What is your clip layer? Before I completely rebuild this section I need to better understand what is going on. I would load cliplayer into a dictionary and include its sequence and Shape@ fields once at the beginning of the script for fast access if it has many records. The geometry for the n2 sequence record can be fed directly to the clip process based on the first example in this help post (ignore the array, it can come from the shape@ field)

For using the in_memory workspace you should get a better understanding (which I also need). Start by looking at the help here. You use in_memory as a path and you still need a slash and a feature class name after it for output. It is more like a geodatabase (which you should convert to anyway, since shapefile performance sucks). So it would be more like changing line 173 to:

clipRoads = r"in_memory\" + 'rdsClip_' + blockEID + '_' + scaleEID + '_' + bufEID + '_' + str(n)

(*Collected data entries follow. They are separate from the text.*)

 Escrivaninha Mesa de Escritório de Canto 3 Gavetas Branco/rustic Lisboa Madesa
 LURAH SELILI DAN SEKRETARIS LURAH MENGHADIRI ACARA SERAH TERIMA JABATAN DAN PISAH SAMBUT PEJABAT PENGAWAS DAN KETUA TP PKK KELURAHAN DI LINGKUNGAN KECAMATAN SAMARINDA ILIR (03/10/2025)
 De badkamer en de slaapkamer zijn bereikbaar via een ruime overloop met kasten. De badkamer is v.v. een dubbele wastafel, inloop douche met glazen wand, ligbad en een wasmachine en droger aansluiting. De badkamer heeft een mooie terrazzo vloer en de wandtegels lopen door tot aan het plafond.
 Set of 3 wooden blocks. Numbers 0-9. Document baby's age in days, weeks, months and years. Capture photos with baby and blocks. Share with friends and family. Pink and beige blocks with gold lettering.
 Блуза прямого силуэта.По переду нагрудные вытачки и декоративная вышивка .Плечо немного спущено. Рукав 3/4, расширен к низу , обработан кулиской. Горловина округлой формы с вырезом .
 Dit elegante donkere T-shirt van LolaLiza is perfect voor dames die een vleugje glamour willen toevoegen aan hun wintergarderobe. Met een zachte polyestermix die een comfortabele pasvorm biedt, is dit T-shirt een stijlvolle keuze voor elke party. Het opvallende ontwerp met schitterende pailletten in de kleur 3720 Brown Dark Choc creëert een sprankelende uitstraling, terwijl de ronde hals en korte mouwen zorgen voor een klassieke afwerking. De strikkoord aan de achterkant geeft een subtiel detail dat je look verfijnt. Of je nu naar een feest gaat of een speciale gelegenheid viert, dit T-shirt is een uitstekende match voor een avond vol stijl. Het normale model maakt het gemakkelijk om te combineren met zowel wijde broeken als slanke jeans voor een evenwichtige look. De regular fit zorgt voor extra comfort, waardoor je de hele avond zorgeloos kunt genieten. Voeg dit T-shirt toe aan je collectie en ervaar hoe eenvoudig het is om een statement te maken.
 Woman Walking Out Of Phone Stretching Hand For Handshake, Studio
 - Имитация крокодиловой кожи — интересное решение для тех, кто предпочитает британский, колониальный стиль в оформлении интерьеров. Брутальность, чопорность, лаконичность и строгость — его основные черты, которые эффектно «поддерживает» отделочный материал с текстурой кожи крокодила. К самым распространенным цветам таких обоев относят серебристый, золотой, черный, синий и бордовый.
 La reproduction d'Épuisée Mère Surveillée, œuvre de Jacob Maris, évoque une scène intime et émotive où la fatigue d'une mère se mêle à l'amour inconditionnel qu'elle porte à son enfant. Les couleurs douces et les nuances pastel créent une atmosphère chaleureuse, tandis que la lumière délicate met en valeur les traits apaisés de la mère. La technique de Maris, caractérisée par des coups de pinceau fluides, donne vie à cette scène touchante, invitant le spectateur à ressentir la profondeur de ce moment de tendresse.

You would not add .shp to the end of the feature class name, since it is not outputting a shapefile. If you use the in_memory workspace and do not actually need the output of the clip permanently, you should get rid of the individualized feature class names and should delete the feature class with arcpy.Delete_management() as soon as you are done with it to keep the memory clean.

Why do you use CopyFeatures to a geometry object and not a cursor to read through the geometry lengths? Duplicating the feature again is a waste of time as far as I can see.

Anyway, clipping one shape at a time will be a slow process, but it can be sped up. You should print a time stamp and time difference before and after the actual clip to find out how much time is being eaten by each clip operation. Only by batch processing many objects in one clip are you likely to speed that up significantly, since the set up time for each clip is probably what is killing your time. You should still notice a speed improvement in the section of code we have revised. In fact you should start adding print statements to show time spent in each key section if you are trying to find the most time consuming operations in your code.

You also need to evaluate what is the maximum time that this process can take for it to actually be useful to you. I have had to abandon several approaches I spent considerable time developing when the time spent doing them did not pay off sufficiently. I usually can rethink it eventually to hit my performance tolerance and get a close enough result that I can live with. If your process cannot perform acceptably because of an operation you cannot control (the clip), you may want to consider alternative processes that may be less precise, but that may produce a more worthwhile output in light of the performance improvements they offer.